For a comprehensive list of pre-defined layers and modules available in PyTorch, refer to the official documentation.

7.4.2 Models

Models in PyTorch are neural network architectures composed of layers and modules. It is similar to defining custom layers. You can create models by subclassing torch.nn.Module and defining the network structure in the forward method. This method specifies how input data flows through the layers to produce the output.

import torch
import torch.nn as nn

# Define a custom model
class CustomModel(nn.Module):
    def __init__(self):
        super(CustomModel, self).__init__()
        self.linear1 = nn.Linear(10, 20)
        self.relu = nn.ReLU()
        self.linear2 = nn.Linear(20, 10)

    def forward(self, x):
        x = self.linear1(x)
        x = self.relu(x)
        x = self.linear2(x)
        return x

# Create an instance of the model
model = CustomModel()

# Apply the model to input data
input_data = torch.randn(32, 10)
output = model(input_data)
import torch
import torch.nn as nn

# Define a custom model
class CustomModel2(nn.Module):
    def __init__(self):
        super(CustomModel2, self).__init__()
        self.model1 = CustomModel()
        self.linear = nn.Linear(10, 5)

    def forward(self, x):
        x = self.model1(x)
        x = self.linear(x)
        return x

# Create an instance of the model
model2 = CustomModel2()

# Apply the model to input data
input_data = torch.randn(32, 10)
output = model2(input_data)

When defining models, you can nest layers and models within each other to create complex architectures. You can also use Sequential, ModuleList, and ModuleDict to organize layers and modules in a structured way. They

  • Sequential: A container that allows you to stack layers sequentially and apply them in order.
  • ModuleList: A list-like container that holds layers and modules, allowing for flexible indexing and iteration.
  • ModuleDict: A dictionary-like container that maps keys to layers and modules, enabling named access to individual components.
Note

ModuleList and ModuleDict are like Python lists and dictionaries, respectively, but they are designed to work with PyTorch modules. They provide additional functionality for managing layers and modules within a model, e.g., parameter registration and device allocation.

import torch
import torch.nn as nn

# Define a model using Sequential
class SequentialModel(nn.Module):
    def __init__(self):
        super(SequentialModel, self).__init__()
        self.model = nn.Sequential(
            nn.Linear(10, 20),
            nn.ReLU(),
            nn.Linear(20, 10)
        )

    def forward(self, x):
        return self.model(x)
import torch
import torch.nn as nn

# Define a model using ModuleList
class ModuleListModel(nn.Module):
    def __init__(self):
        super(ModuleListModel, self).__init__()
        self.layers = nn.ModuleList([
            nn.Linear(10, 20),
            nn.ReLU(),
            nn.Linear(20, 10)
        ])

    def forward(self, x):
        for layer in self.layers:
            x = layer(x)
        return x
Note

ModuleList is useful when the layers are not applied sequentially and require more complex control flow or operations.

import torch
import torch.nn as nn

# Define a model using ModuleDict
class ModuleDictModel(nn.Module):
    def __init__(self):
        super(ModuleDictModel, self).__init__()
        self.layers = nn.ModuleDict({
            'linear1': nn.Linear(10, 20),
            'relu': nn.ReLU(),
            'linear2': nn.Linear(20, 10)
        })

    def forward(self, x):
        x = self.layers['linear1'](x)
        x = self.layers['relu'](x)
        x = self.layers['linear2'](x)
        return x
Note

ModuleDict is useful when you want to access layers by name or key, providing a more structured and organized way to define models with named components.

Try it out!
  • Define a custom model with Sequential, ModuleList, or ModuleDict. Initialize the model and use print(model) to inspect the differences in the model structure.

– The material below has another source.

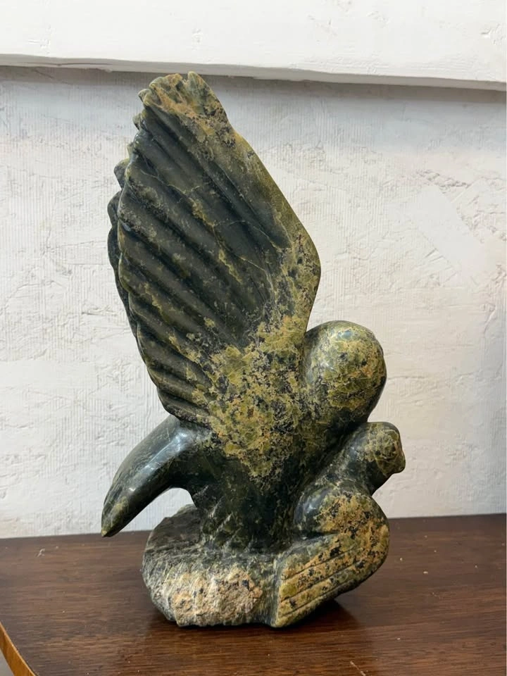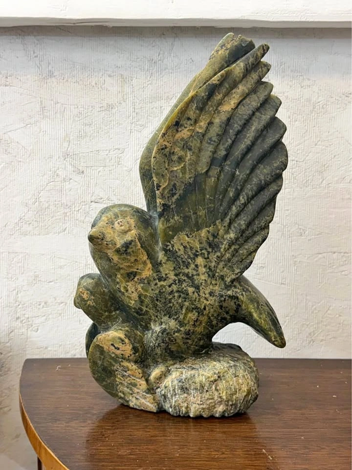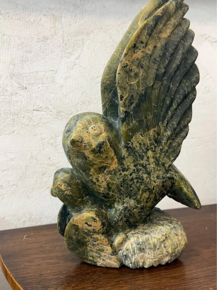This is an Inuit bird sculpture carved from dark green serpentine stone. It depicts a bird, possibly an eagle or owl, with wings raised.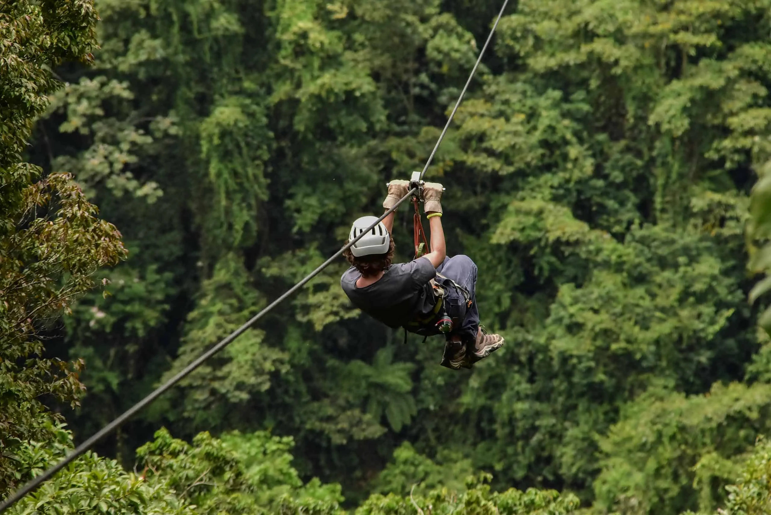 A person wearing safety gear rides a zipline over a dense, green forest during a student travel program by Global Works.

You can check the model’s architecture by printing the model object or using model.parameters(), model.named_parameters(), and model.children() to access the model’s parameters, named parameters, and child modules, respectively.

import torch
import torch.nn as nn

# Define a custom model
class CustomModel(nn.Module):
    def __init__(self):
        super(CustomModel, self).__init__()
        self.linear1 = nn.Linear(10, 20)
        self.relu = nn.ReLU()
        self.linear2 = nn.Linear(20, 10)

    def forward(self, x):
        x = self.linear1(x)
        x = self.relu(x)
        x = self.linear2(x)
        return x

# Create an instance of the model
model = CustomModel()

# Print the model architecture
print(model)

# Access model parameters
for name, param in model.named_parameters():
    print(name, param.shape)

# Access child modules
for child in model.children():
    print(child)

# Access model parameters
for param in model.parameters():
    print(param.shape)

7.4.3 Pre-trained models

PyTorch provides a wide range of pre-trained models through the torchvision.models module. These models are trained on large-scale datasets like ImageNet and can be used for various tasks such as image classification, object detection, and segmentation.

import torch
import torchvision.models as models

# Load a pre-trained ResNet model
resnet = models.resnet18(pretrained=True)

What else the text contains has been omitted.